Although the DEWS we developed are statistically superior to NEWS-2, it is not yet known whether this will translate to a real-world reduction in unnecessary medical reviews or failure-to-rescue events. This is because out-of-hours alerts generated by high NEWS-2 scores at our institution are already subject to review and possible de-escalation by ward nursing staff and hospital coordinators, and on the other hand nurses can request medical review even when the NEWS-2 alert threshold has not been reached. Indeed, previous studies have shown that filtering of alerts, for instance by a team of specialist nurses, appears to be essential to avoid overloading the rapid response team [18,19,20,21,22]. Observational and qualitative studies are needed to determine how NEWS-2 and other early warning scores inform decision-making in real-life settings. This will help to determine whether and how best to implement novel scores such as DEWS. Furthermore, since DEWS has so far only been validated in patients on respiratory wards in a single centre, we plan to undertake external validation in other hospitals and in broader patient populations.

An important aspect of this study was the inclusion of clinician-defined deterioration requiring treatment as an outcome to be predicted, but manually extracting this information from the medical notes is a labour-intensive process. Future studies should investigate alternative methods of capturing ward-based deteriorations, for instance by using natural language processing of electronic health records, electronic prescribing data, or real-time feedback from frontline clinicians.

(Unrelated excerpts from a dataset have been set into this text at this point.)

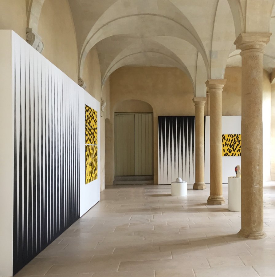 La contemplation, dans l’œuvre d’Irma Kalt, est importante et c’est par son biais, grâce au déplacement du regard(eur), que le temps dont l’artiste ne cesse de jouer révèle sa pleine mesure. Dans un univers abstrait composé de lignes, de formes, de motifs, les titres des travaux induisent tout à la fois une présence et un récit. L’œuvre sériel se nourrit d’apparitions, de glissements, d’effacements. Créé pour Saint-Florent- le-Vieil, le papier peint intitulé Toutes blessent, la dernière tue, auquel Irma Kalt a conservé son nom latin, Vulnerantomnes, ultimanecat, résonne inévitablement comme un memento mori : le papier a été découpé pour offrir la même suite de triangles effilés semblables aux rayons du soleil, présentés les uns montant, les autres tombant, et ceux-ci ont été peints à l’aérosol noir de façon à réduire la saturation de la couleur vers les pointes, amenant dans le gris, au contact de la cimaise restée blanche, des formes mouvantes et fantomatiques. Sur une échelle de temps plus brève, la série d’estampes Suite au soleil s’inscrit dans ces recherches : le jaune intense du fond, traduisant la sensation d’éblouissement face à la lumière d’été, est traversé de traits discontinus noirs qui présagent l’orage attendu et redouté. Parlant de l’exposition Cahier d’école, Éva Prouteau a justement écrit que « pour Irma Kalt, tout est de passage » : tout est passage même et, « pour l’artiste, la beauté fragile des formes ne s’obtient qu’au prix de ce lent processus, au cours duquel le motif se leste de toutes ces strates mémorielles». Lors d’une conversation, Irma Kalt m’a dit combien elle est habitée par le temps qui passe. Médiéviste, je la rejoins, moins intéressé – à la différence d’autres historiens – par le temps passé que fasciné par le temps qui passe, par le temps en tant qu’il passe, c’est-à-dire par le temps tout court et, aussi, par la mort. Comme elle, je me tiens sous le charme – à la fois enchantement et maléfice – et, parce que l’art nous attache à la vie, j’ai admiré, dans l’atelier de l’artiste, cet ensemble de fines bandes peintes à l’aérosol, où jaune, bleu et rouge se mêlent, qu’elle a le projet d’incliner très progressivement afin de les amener de la verticale à l’horizontale avant de revenir à la position de départ et de réaliser un tour complet qui – selon l’importance du nombre – sera celui des mois ou des jours d’une année.
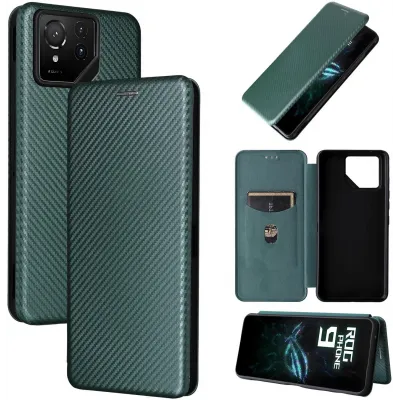 Coque portefeuille Phonesta Carbon Fiber Skin pour Asus ROG Phone 9/9 Pro - Vert foncé
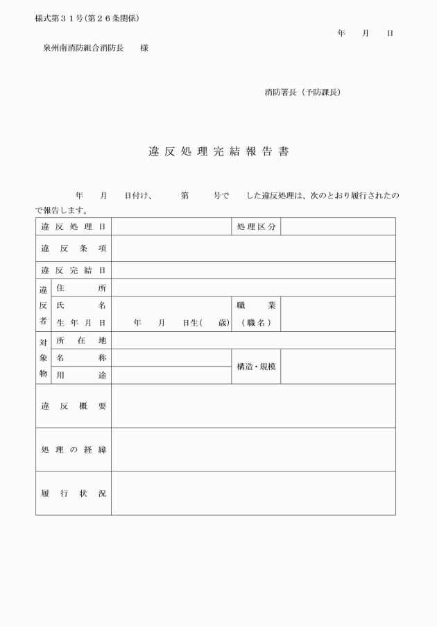 4 告発に係る証拠物件として資料の提出を命じ、又は報告を求め、若しくは収去するときは、泉州南消防組合査察規程(令和3年泉州南消防組合消防長訓令第15号)第18条に規定する資料提出命令書又は報告徴収書若しくは泉州南消防組合危険物規制規則(平成25年泉州南消防組合規則第22号)第27条に規定する収去書を作成し、保存しておくものとする。
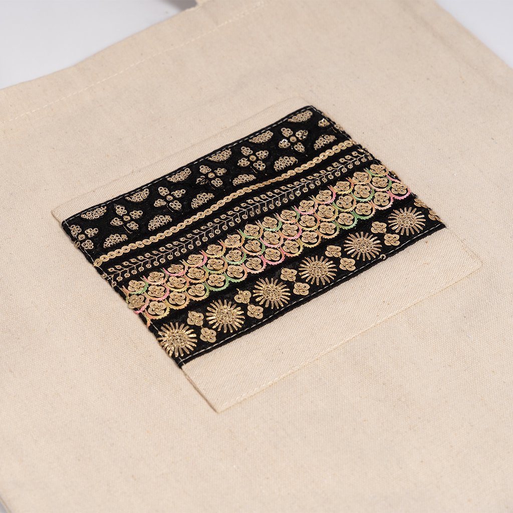 شنطة مصنوعة من قماش الدك بلون أوف وايت، تجمع بين المتانة والبساطة لتناسب الاستخدام اليومي الشاق. تعتمد فكرتها على تقنية “الباتشورك”، حيث تم دمج قطع قماشية مطرزة بنقوش هندسية وذهبية لتصبح جزءا أصيلاً من تصميم الشنطة، مما يجعل كل قطعة فريدة بتفاصيلها ولا تتكرر. صممت هذه الشنطة بمساحة واسعة ويد طويلة متينة تضمن لك الراحة والحرية في الحركة. وهي نتاج عمل يدوي دقيق لسيدات من الجيزة حولن قصاصات القماش إلى منتج مستدام، ليدعم تمكينهن ضمن رؤية “سوا”.
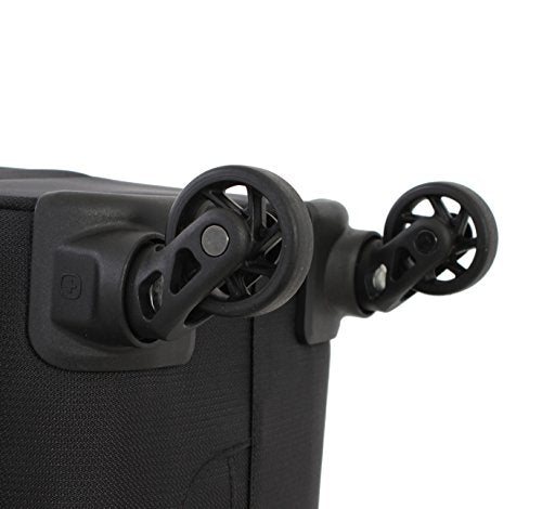 Details: Lightweight expandable 20 inch swissgear carry-on spinner in black with grey piping
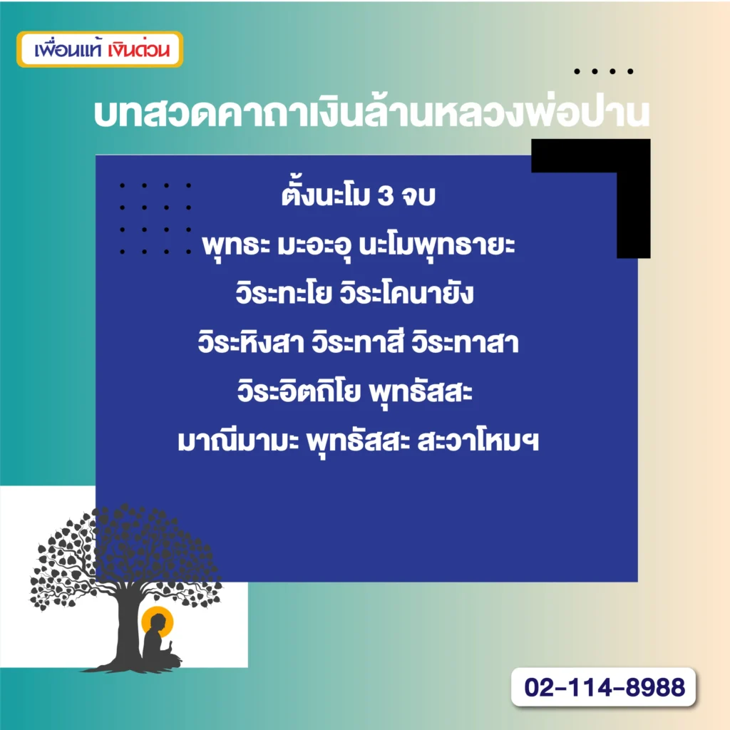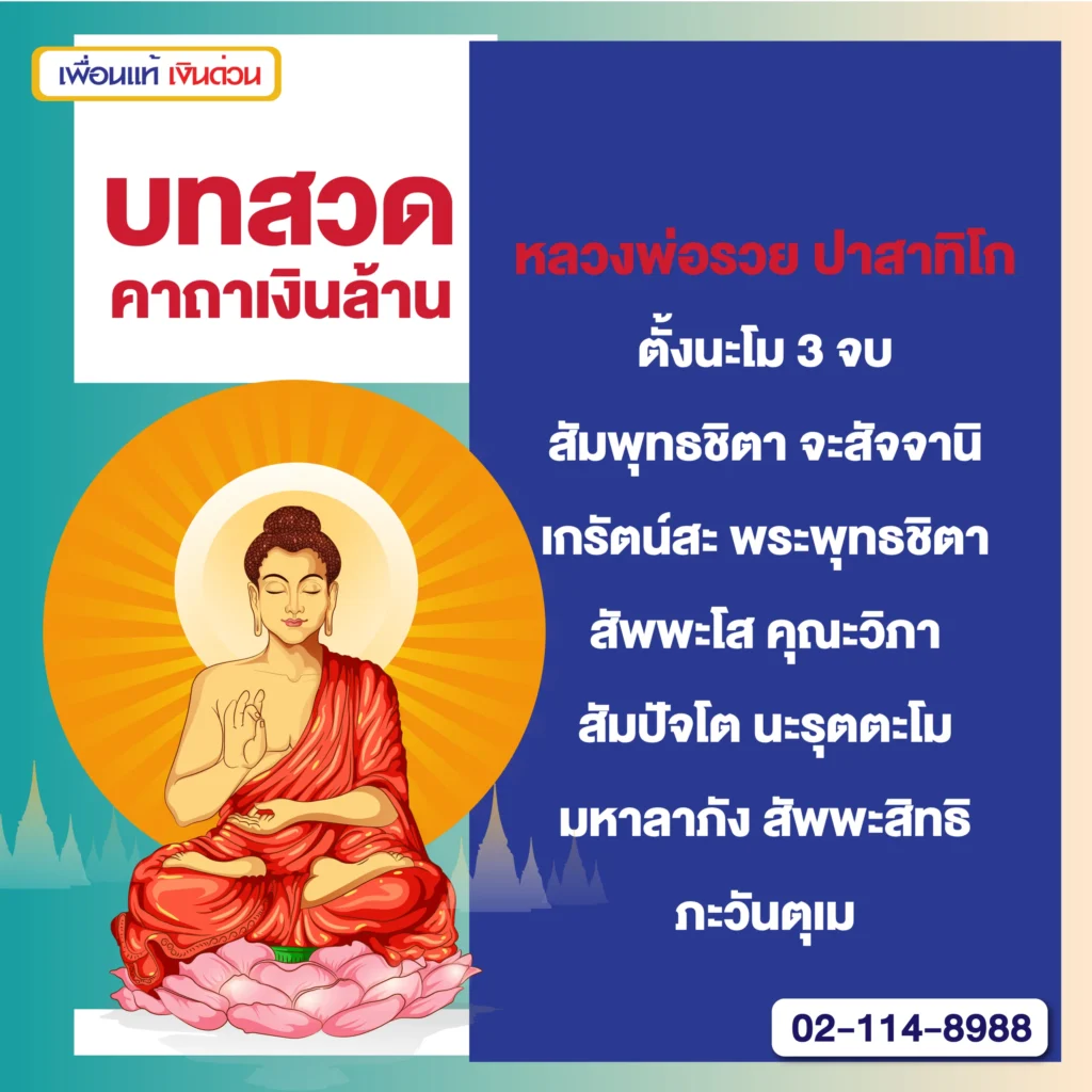 บทสวดคาถาเงินล้าน สวดให้รวย เรียกเงินล้าน เรียกโชคลาภเงินทอง เป็นการบูชาหรือกราบนำคำสั่งทางจิตใจเพื่อเรียกเก็บความร่ำรวยและโชคลาภที่เชื่อว่าปรากฏในรูปแบบของเงินทองมากมาย บทสวดนี้มีเจตนาเป็นการสร้างพลังบวกบางอย่างที่นำพาคนที่บูชาไปสู่การเจริญรุ่งเรืองในด้านการเงินและโชคชะตา สามารถใช้เป็นรูปแบบของศาสนาหรือความเชื่อทางศิลปะและวัฒนธรรมต่าง ๆ ที่เน้นการติดต่อกับพลังจิตใจและความสุขในด้านเงินทอง

Interpretability of machine learning models is critical to gaining the trust of clinicians and is a growing field of research [23]. Lauritsen et al. recently developed explainable machine learning models for predicting sepsis, acute kidney injury, and acute lung injury in unselected acute admissions [24]. The DEWS we have developed use logistic regression, which is a highly transparent modelling framework, and it is straightforward to determine the relative contribution of the features to the model output for any given set of clinical observations. We plan to further refine the interpretability of our model by developing natural language explanations which will allow clinicians to more effectively prioritise patients for urgent medical review.

Conclusions

This study developed and validated dynamic early warning scores which display superior accuracy compared to NEWS-2 for detecting clinical deterioration in respiratory patients. Prospective observational and interventional studies are needed to evaluate the real-life effectiveness of DEWS and to overcome the technical and organisational challenges of implementing it within complex healthcare systems.